Review: Characterization of Multilayered Glitter Particles Using Synchrotron FT-IR Microscopy

Emily C. Lennert





trace, evidence, glitter, particle, Fourier transform, infrared, spectroscopy, FT-IR, IR, synchrotron

Article to be reviewed

  1. Vernoud, L.; Betchel, H. A.; Matrin, M. C.; Reffner, J. A.; Blackledge, R. D. Characterization of multilayered glitter particles using synchrotron FT-IR microscopy. Forensic Science International. 2011, 210, 47-51.


The opinions expressed in this review are an interpretation of the research presented in the article. These opinions are those of the summation author and do not necessarily represent the position of the University of Central Florida or of the authors of the original article.
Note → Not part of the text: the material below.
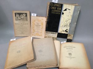(baron Jérôme). Bibliophiles et relieurs. Notes publiées par Georges Vicaire. Paris, Leclerc, 1907, in-8 carré demi-chagrin. 45 pp. Tiré-à-part à 45 exemplaires du Bulletin du Bibliophile. - LIVRES (LES) CHEZ EUX : bibliothèques et cabinets d'amateurs. P., 1930, fort in-4 br. (dos usé), ill., nbr. exemples typogr. & publicités. (Bull. officiel de l'Union syndicale des Maîtres imprimeurs, noël 1930). - VENTES PUBLIQUES. Quinze années de ventes publiques 1898-1913. Répertoire chronologique de 1700 catalogues illustrés de ventes. P., J. Schemit, 1898, in-8 broché. 188 pp. (Cat. de vente de cat. de ventes) . - CIM (A.). Amateurs et voleurs de livres. Emprunteurs indélicats... P., Daragon, 1903, in-12 broché. VIII-145 pp. Tiré à 325 exemplaires. Un des 300 sur Alfa. Soit 6 volumes.

Glitter, whether from clothing, cosmetics, or other sources, may serve as an important form of associative evidence. Glitter is easily transferred between items and retained due to its small particle size. While glitter is commonly considered mass produced with little difference, by identifying was to characterize and differentiate glitter samples, it may become useful as a form of evidence. Characterization of glitter may include the examination of a glitter particle’s color, size, thickness, shape, and chemical profile. The number of layers and relative thickness of the layers also provides characteristic information about the glitter particle. Some layers may be as small as <10μm thick, and traditional Fourier transform – infrared spectroscopy (FT-IR) may not be capable of obtaining the infrared spectrum of such a thin layer. To address this, synchrotron FT-IR is used. Synchrotron infrared light is a light source that is 100-1,000 times brighter than traditional infrared light sources, which results in imaging with high spatial resolution. Spatial resolution refers to the pixel size in an image; images with better spatial resolution will have smaller pixels which provides a clearer picture. Due to its high spatial resolution, synchrotron FT-IR is capable of obtaining spectra from the very thin layers of glitter particles. Using synchrotron FT-IR, the authors of this paper were able to characterize glitter by imaging cross-sections of glitter particles, counting the layers in the particle, and obtaining IR spectra of individual layers in multilayered glitter particles.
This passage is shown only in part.